In the beginning of the novel, Mildred’s first husband Bert is a self-deluded dreamer who believes himself to be a skilled entrepreneur. In reality, he was just lucky to inherit a large plot of land he could break up and resell. When the Great Depression closes his business, Bert imagines new, fanciful ideas for making money, ideas he has no way of implementing, to distract himself from money problems he cannot deal with. The same mechanism is at work when his beloved daughter Ray dies: Bert shuts down, retreating into the platitude that Ray is in heaven.
Over the course of the story, Bert grows an awareness of his mistakes, sees the difficulties other people face, and finally understands how he can be of service. When celebrating Mildred’s achievements, Bert admits before a group of people that he was foolish for leaving her. By the end of the novel, Bert has dropped his defensiveness and sensitivity and become Mildred’s counselor and comforter. He is humbled by Mildred’s willingness to marry him again. Bert’s renewed marital commitment, however, comes with a complete abandonment of his role as a father.

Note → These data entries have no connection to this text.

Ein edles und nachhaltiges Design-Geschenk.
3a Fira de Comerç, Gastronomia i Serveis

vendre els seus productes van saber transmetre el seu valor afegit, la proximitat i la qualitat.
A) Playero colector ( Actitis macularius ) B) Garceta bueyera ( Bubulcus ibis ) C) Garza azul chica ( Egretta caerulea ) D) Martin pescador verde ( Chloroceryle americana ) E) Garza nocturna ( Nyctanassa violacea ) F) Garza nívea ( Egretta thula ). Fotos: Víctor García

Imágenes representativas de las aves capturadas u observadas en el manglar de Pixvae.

When Veda plays her last trick and leaves, Bert’s first concern is not that his 20-year-old daughter is headed to New York with her ex-stepfather, but that his wife has been slighted. In a strange display of alienation, he and Mildred toast each other for having finally gotten rid of their one living child.
Unlike nouveau riche Bert who backed into his former wealth through inheritance, Mildred’s second husband Monty comes from old-money. Having never worked, Monty voices frequently scorn for working class people—an attitude he inculcates in his stepdaughter and protégé Veda. This means that Monty considers being with Mildred slumming—he disdains her lack of erudition and treats her like a sex object when he is still rich, and then resents her and accuses her of paying him like a kept man when he is poor and dependent.
Monty’s elitist taste is generally unpleasant snobbery. The only times when his knowledge of the finer things isn’t negative or destructive is when it can be harnessed in a productive way: first, when he renovates his family’s mansion, making informed decorating choices with purpose they fulfill; second, when he intuits that Veda has genuine musical talent, which turns out to be a true gift.
Monty’s main purpose in the novel, however, is to be a corrupting influence. His boundary-violating behavior towards Veda would be now considered grooming: telling her when and how often he and Mildred are together sexually, openly discussing the size of Veda’s breasts when she is only 13, and distancing her from her mother by drawing into his upper class social circle. He somehow intuits that Mildred and Veda, who is 20 years younger than Monty, are in a deeply dysfunctional relationship rife with sexual competition; he plays on this tension to first leech off of Mildred, and then off of her daughter.